Opinions on changing rules, changing best practices, and their effect on investor relations officers.

Friday, July 08, 2005

Intangibles need formal reporting structure – enter the EBRC

The formal processes of financial disclosure have not kept pace with the needs of investors. Research shows that only about 25% of a company’s market value can be attributed to accounting book value, as captured by the existing GAAP model. The remaining 75% of market value is based upon “value drivers” - intangibles such as strategy, product innovation, people and customer loyalty, which are often NOT reported under disclosure requirements.
In early noughties (000’s), a casualty of the “changing fortunes” in tech stocks was the idea of these intangible business assets.
Amid bitter investor cynicism, soft items such as research and development, software, employee training and the power of brands were less likely to be counted as real assets on corporate balance sheets, alongside such traditional ‘old economy’ assets as factories, stocks and equipment. With stock prices falling in 2000, and some companies cooking the books, some investors – unsurprisingly - were asking what was real and what not. As a result unfortunately, a useful debate about this aspect of investor communication was put on hold.
At their worst, the promoters of Internet stocks wanted to have it both ways: to deduct such business expenses as R&D and advertising, whilst at the same time wanting investors to believe that these and other intangible investments should be counted as assets, not routine expenses as required by generally accepted accounting principles.
However, intangibles are recognised as assets when a company is acquired and the buyer pays more than so-called book value, which is based on the cost of tangible assets. If you bought AOL, for example, you would have to pay a lot more than the cost of the company's physical operations. You would have to pay for the AOL brand, which the company cannot count as an asset on its balance sheet, despite having spent significant money in building it.
In this more sober investment era, it is time revisit intangible business investments and the role they play in generating long-term profits. One organisation addressing this is the Enhanced Business Reporting Consortium, which is working toward consensus on an internationally recognized framework of voluntary guidelines for reporting that would make it easier to compare these intangibles.
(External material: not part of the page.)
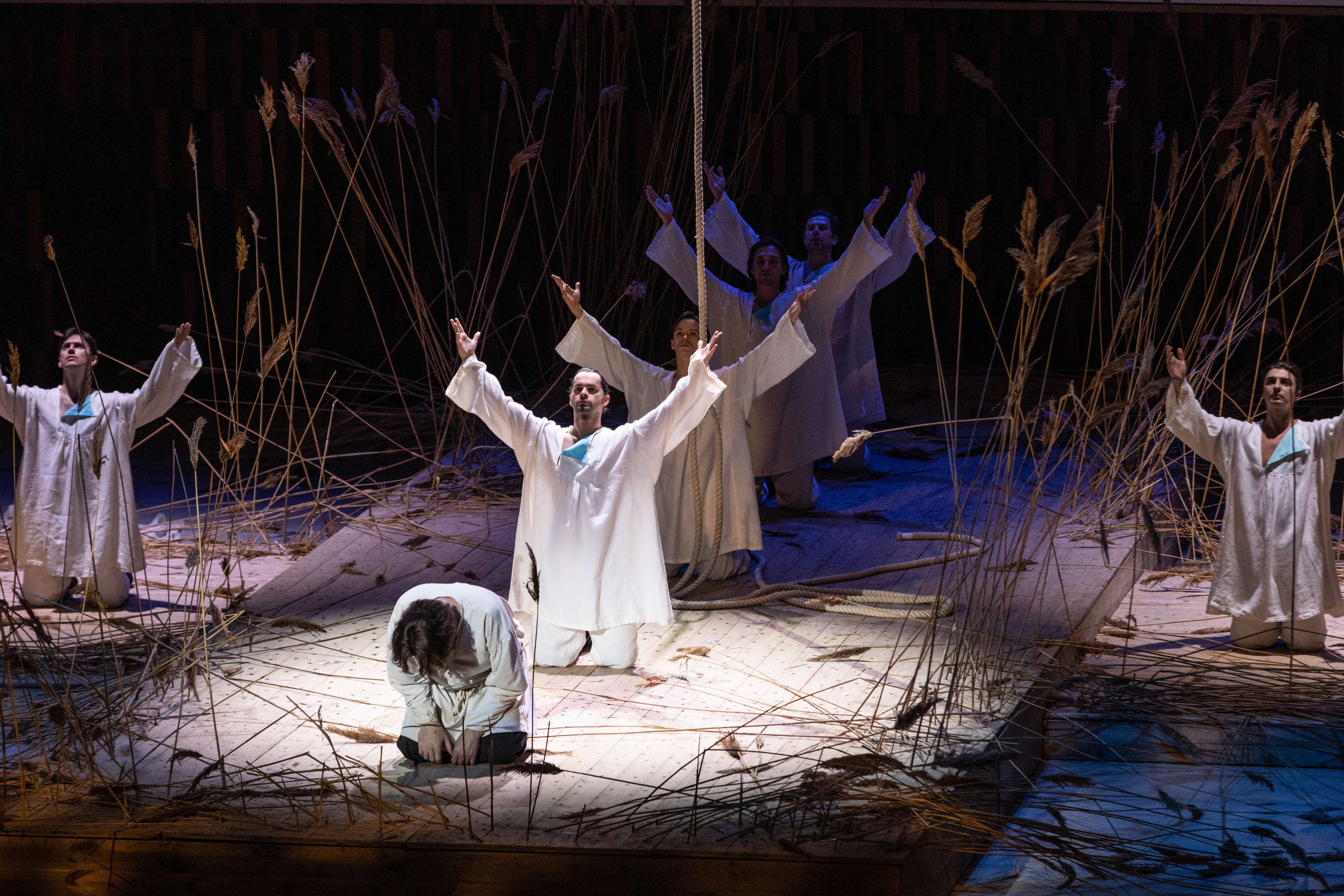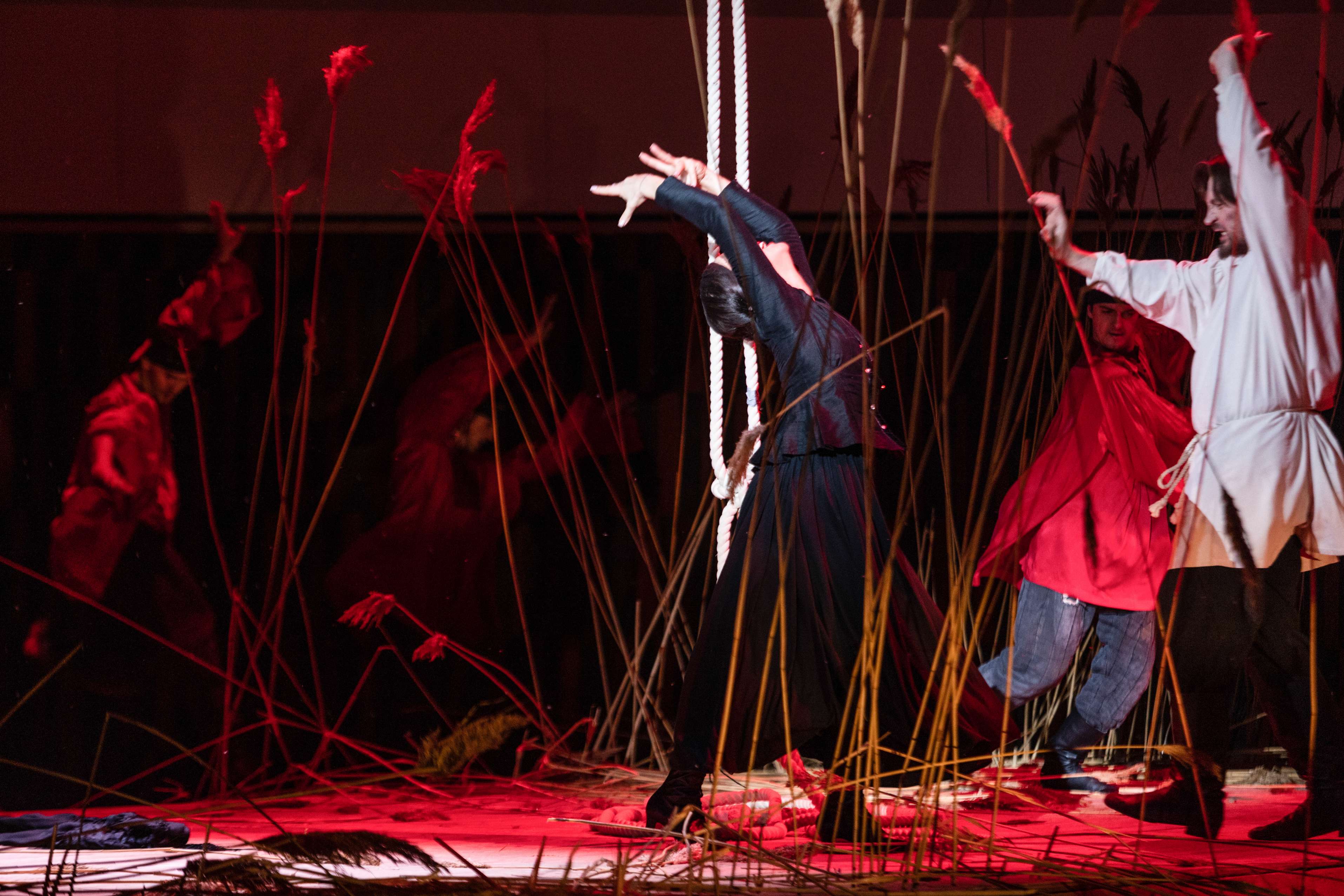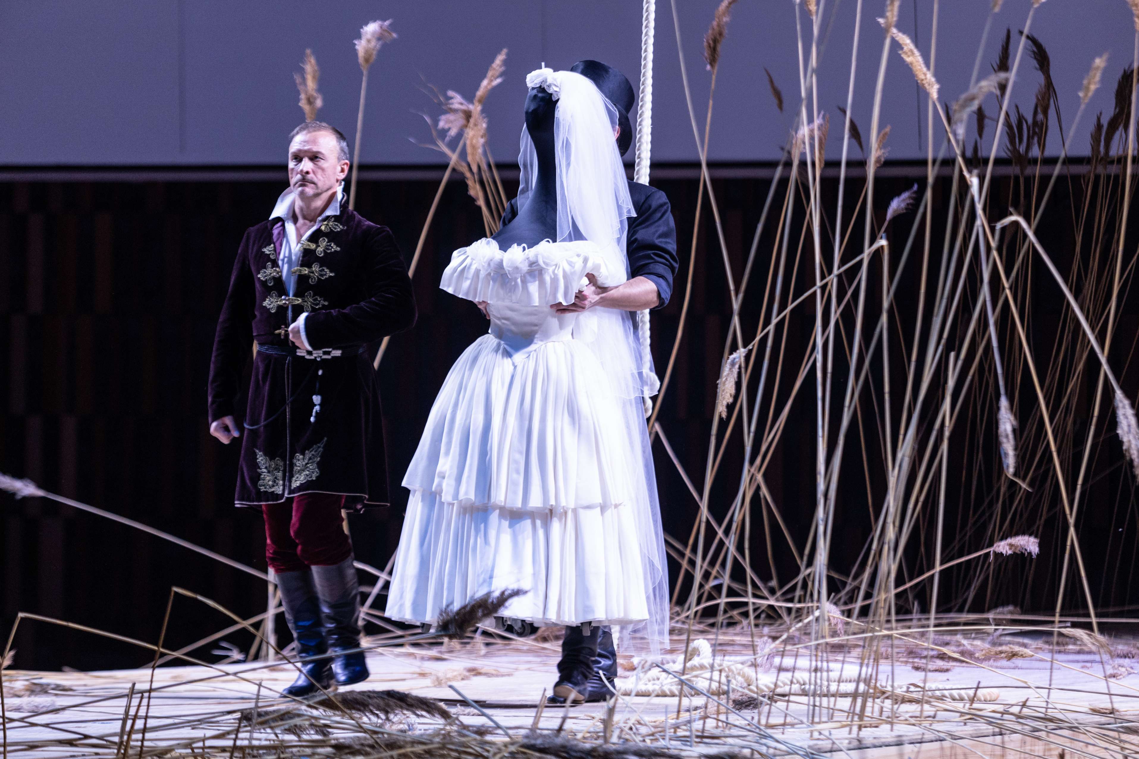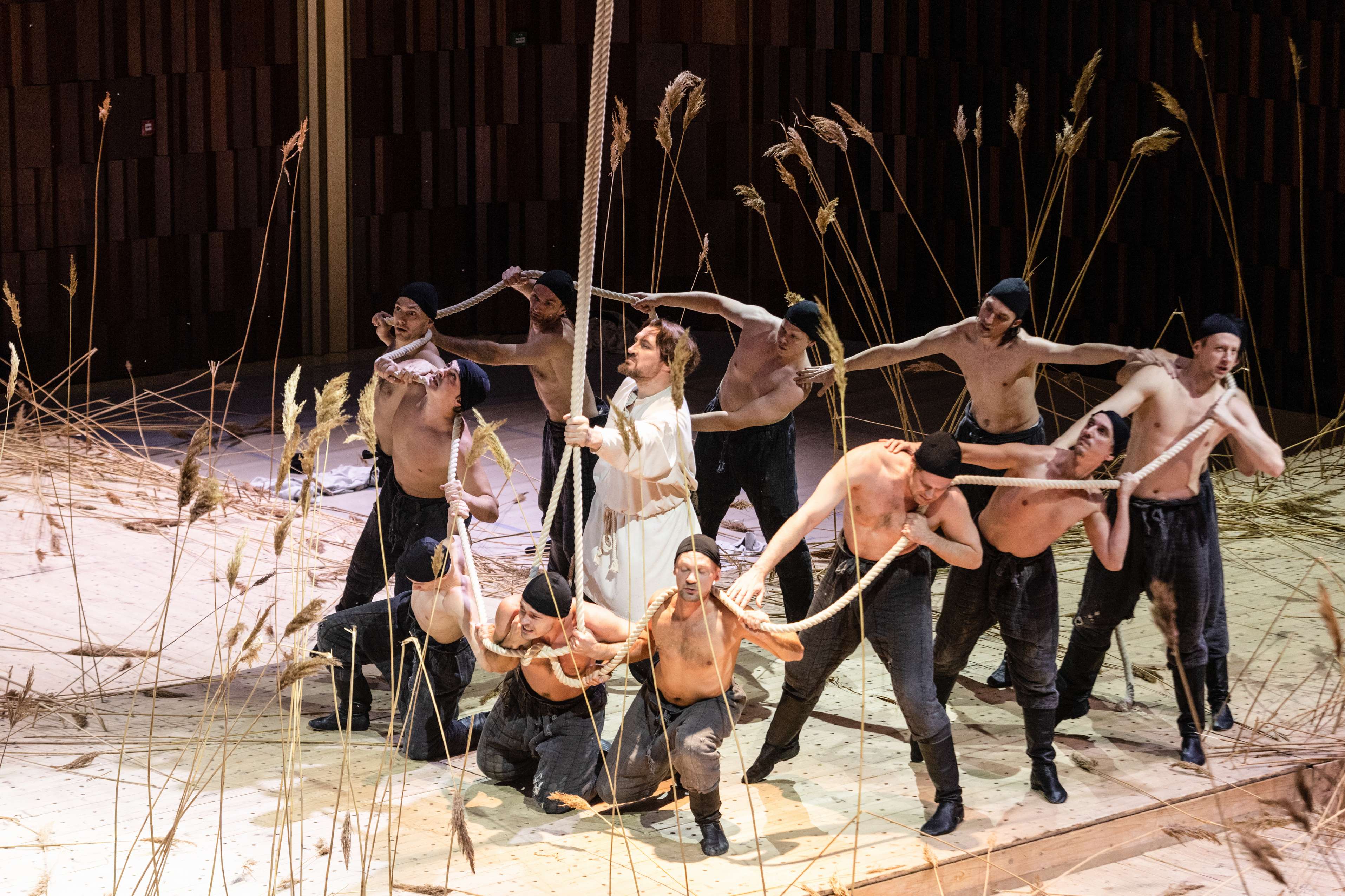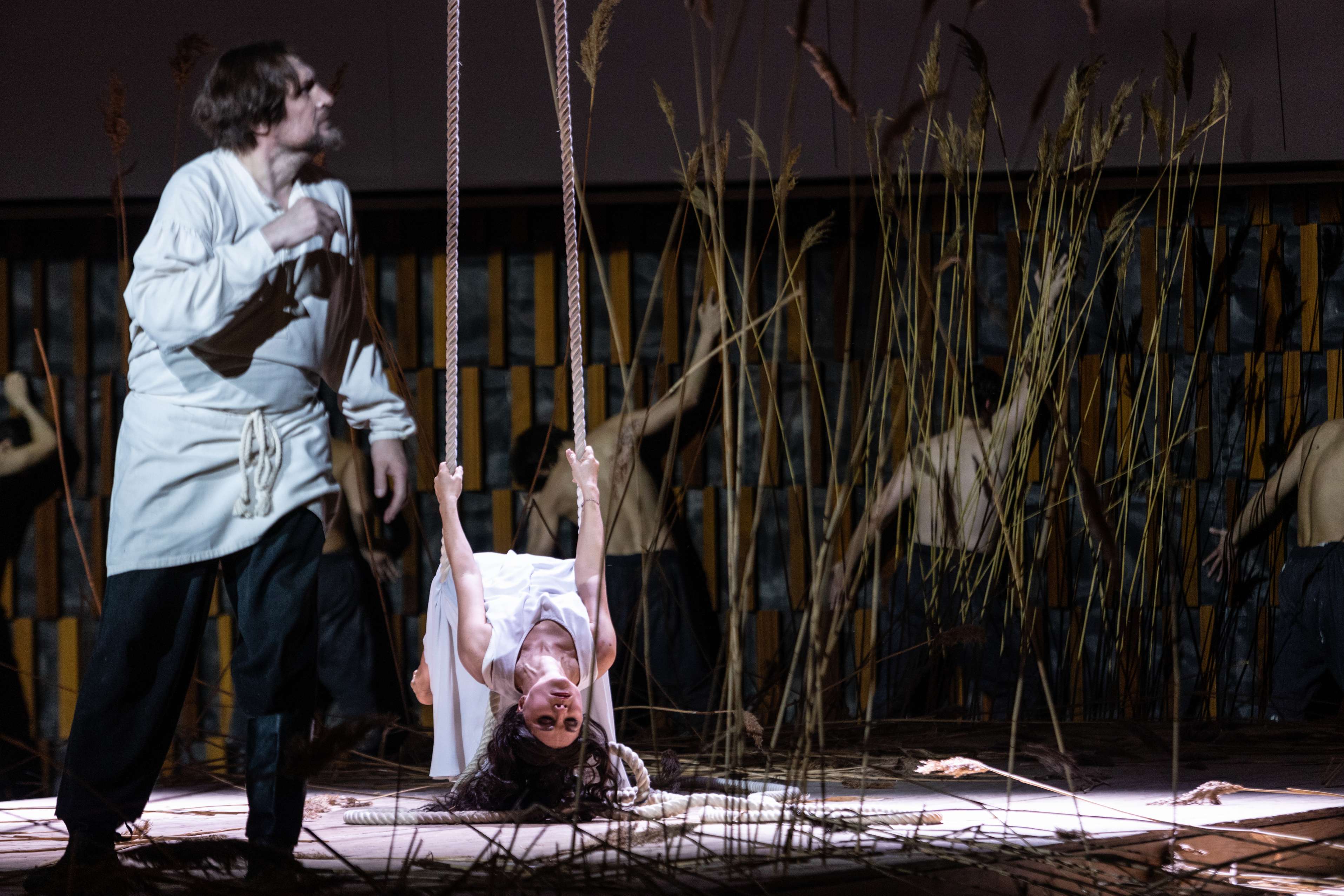 Все, что напридумывал художник Александр Орлов, будет в строку. Вот помост в виде креста, очерченный по краям рядами сухого тростника (это про то, что мы на Валааме). Но стебли скоро от набегов иноверцев сломаются, и тихий хруст под ногами артистов будет слышен на протяжении всего спектакля. Кто б мог представить, что этот звук войдет в музыкальную ткань оперы, как родной! И веревка, спускающаяся из-под сценического поднебесья, сколько раз доскажет нужное: то она татарский аркан, то смертная петля, манящая героя, то паутина, в которой запутается несчастная, брошенная Князем цыганка Груша. Даже хор, одетый по-монашески и рассаженный в зрительских рядах над сценой, окажется словно частью какой-то древней иконы или фрески, с которой сонм святых глядит на мающихся человеков. Но, конечно, не просто глядит, а тихо плачет, утешительно воркует, предупреждает о чем-то страшном, и всё — на том невероятном музыкальном языке, который, кажется, никому не может быть понятен, кроме русских. Однако ж чего только не бывает на свете: выплавлялся этот язык, чтобы перво-наперво поговорить с заокеанской публикой (заказ был от Лорина Маазеля и его Нью-Йоркского филармонического оркестра).

The idea is that this framework would have internationally accepted definitions and measurements for industry-specific key performance indicators. There would be voluntary disclosure guidelines for information about opportunities, risks, strategies and plans, and about the quality, sustainability and variability of cash flows and earnings.

In the UK, the new OFR requirements recognise the importance of disclosing, business strategy, value drivers, risks and opportunities as a compliment to the financial statements. Enhanced Business Reporting aims to provide greater structure for these reports, making them easier for investors to use.